╭─ DATA

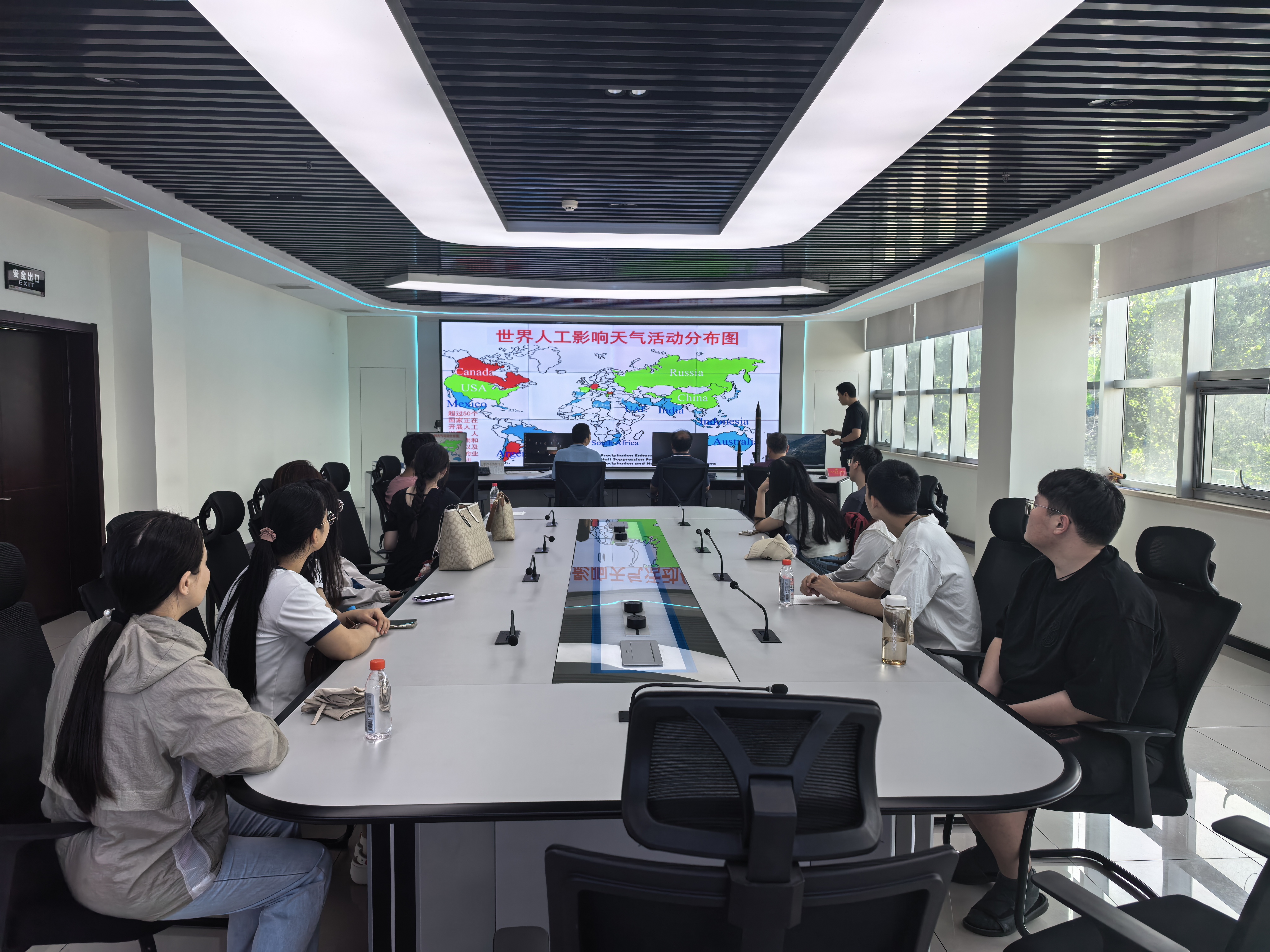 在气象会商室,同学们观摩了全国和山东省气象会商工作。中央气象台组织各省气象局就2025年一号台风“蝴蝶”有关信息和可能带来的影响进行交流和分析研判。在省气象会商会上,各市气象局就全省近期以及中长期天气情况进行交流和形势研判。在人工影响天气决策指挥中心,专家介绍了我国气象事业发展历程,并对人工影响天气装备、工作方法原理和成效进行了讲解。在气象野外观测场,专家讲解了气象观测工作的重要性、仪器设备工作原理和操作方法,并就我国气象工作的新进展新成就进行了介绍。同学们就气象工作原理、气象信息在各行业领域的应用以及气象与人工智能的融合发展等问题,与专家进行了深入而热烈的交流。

╰─
╭─ DATA

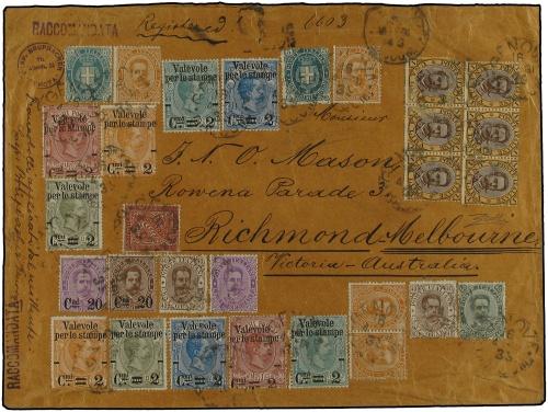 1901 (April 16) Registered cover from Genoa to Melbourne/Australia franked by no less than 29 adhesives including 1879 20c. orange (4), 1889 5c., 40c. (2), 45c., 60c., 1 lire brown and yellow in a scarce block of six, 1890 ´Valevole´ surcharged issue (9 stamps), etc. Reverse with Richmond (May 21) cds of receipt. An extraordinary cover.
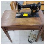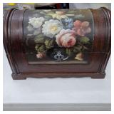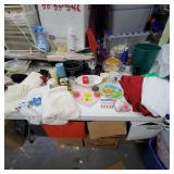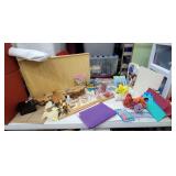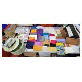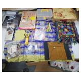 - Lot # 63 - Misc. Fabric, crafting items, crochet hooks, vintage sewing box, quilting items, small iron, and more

╰─

- _YOUR ASSIGNMENT_: Everything between and including the line above containing "1901 (April 16)" and the line containing "- Lot # 63 - Misc." should be reproduced exactly, with pictures excluded.

- _RESULT OF THE EXERCISE_:
 1901 (April 16) Registered cover from Genoa to Melbourne/Australia franked by no less than 29 adhesives including 1879 20c. orange (4), 1889 5c., 40c. (2), 45c., 60c., 1 lire brown and yellow in a scarce block of six, 1890 ´Valevole´ surcharged issue (9 stamps), etc. Reverse with Richmond (May 21) cds of receipt. An extraordinary cover.
 - Lot # 63 - Misc. Fabric, crafting items, crochet hooks, vintage sewing box, quilting items, small iron, and more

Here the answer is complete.